■ Problem requirements ■
Leaving every picture out, repeat all of the entries below exactly.

(Saved data entries)

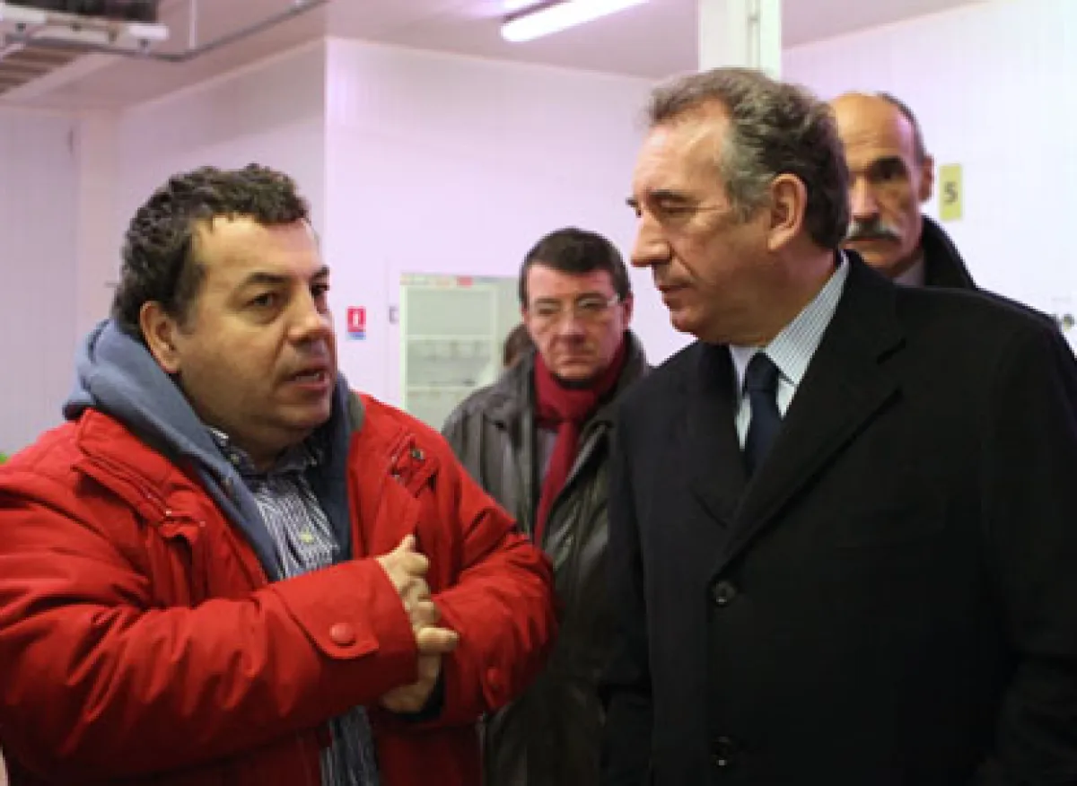 C'est aux côtés de Dominique Versini, co-fondatrice du Samu Social et ancienne secrétaire d'Etat chargée de la lutte contre la précarité et l'exclusion, que François Bayrou est arrivé peu après 9 heures à l'atelier d'insertion "Le potager de Marianne", à Rungis dans le Val-de-Marne. Cette association collecte des produits consommables du Marché d'Intérêt National (MIN) de Rungis, invendus et destiné à être jeté ou mis en compost, pour les redistribuer dans les réseaux des Restos du Cœur, du Secours Populaire ou encore de la Croix Rouge.
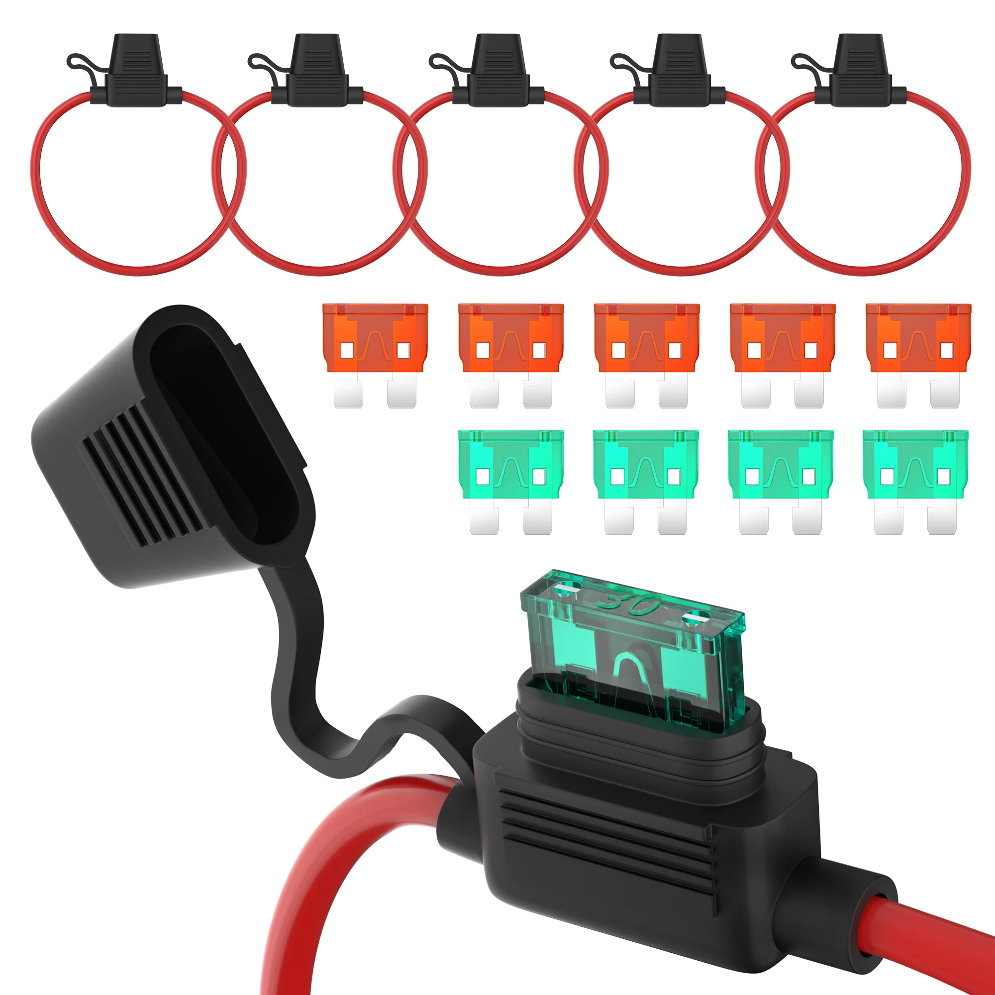 DaierTek 5PCS 18 Gauge Inline Fuse Holder 12V ATO/ATC in Line Fuse Holder 12 Volt Waterproof with 30 Amp 40 Amp for Marine Car  Read more
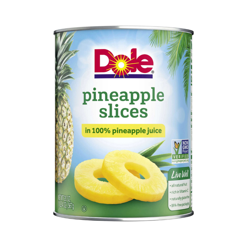- The manufacturer of Pineapple Slices in 100% Pineapple Juice is Dole.
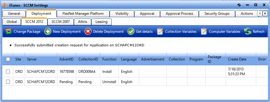 Open the Deployment > SCCM 2012 subtab that contains the catalog item’s associated application or package.
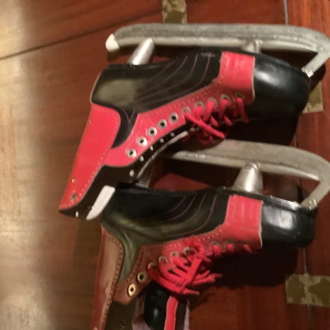 Ishockeyskøyter i størrelse 43. Skøytene har snøring foran og polstret ankelparti for støtte. Fargekombinasjon grå, svart og rød. Egnet til ishockey og generell bruk på is, for ungdom eller voksne med skostørrelse 43.

■ Solution to the problem ■
 C'est aux côtés de Dominique Versini, co-fondatrice du Samu Social et ancienne secrétaire d'Etat chargée de la lutte contre la précarité et l'exclusion, que François Bayrou est arrivé peu après 9 heures à l'atelier d'insertion "Le potager de Marianne", à Rungis dans le Val-de-Marne. Cette association collecte des produits consommables du Marché d'Intérêt National (MIN) de Rungis, invendus et destiné à être jeté ou mis en compost, pour les redistribuer dans les réseaux des Restos du Cœur, du Secours Populaire ou encore de la Croix Rouge.
 DaierTek 5PCS 18 Gauge Inline Fuse Holder 12V ATO/ATC in Line Fuse Holder 12 Volt Waterproof with 30 Amp 40 Amp for Marine Car  Read more
- The manufacturer of Pineapple Slices in 100% Pineapple Juice is Dole.
 Open the Deployment > SCCM 2012 subtab that contains the catalog item’s associated application or package.
 Ishockeyskøyter i størrelse 43. Skøytene har snøring foran og polstret ankelparti for støtte. Fargekombinasjon grå, svart og rød. Egnet til ishockey og generell bruk på is, for ungdom eller voksne med skostørrelse 43.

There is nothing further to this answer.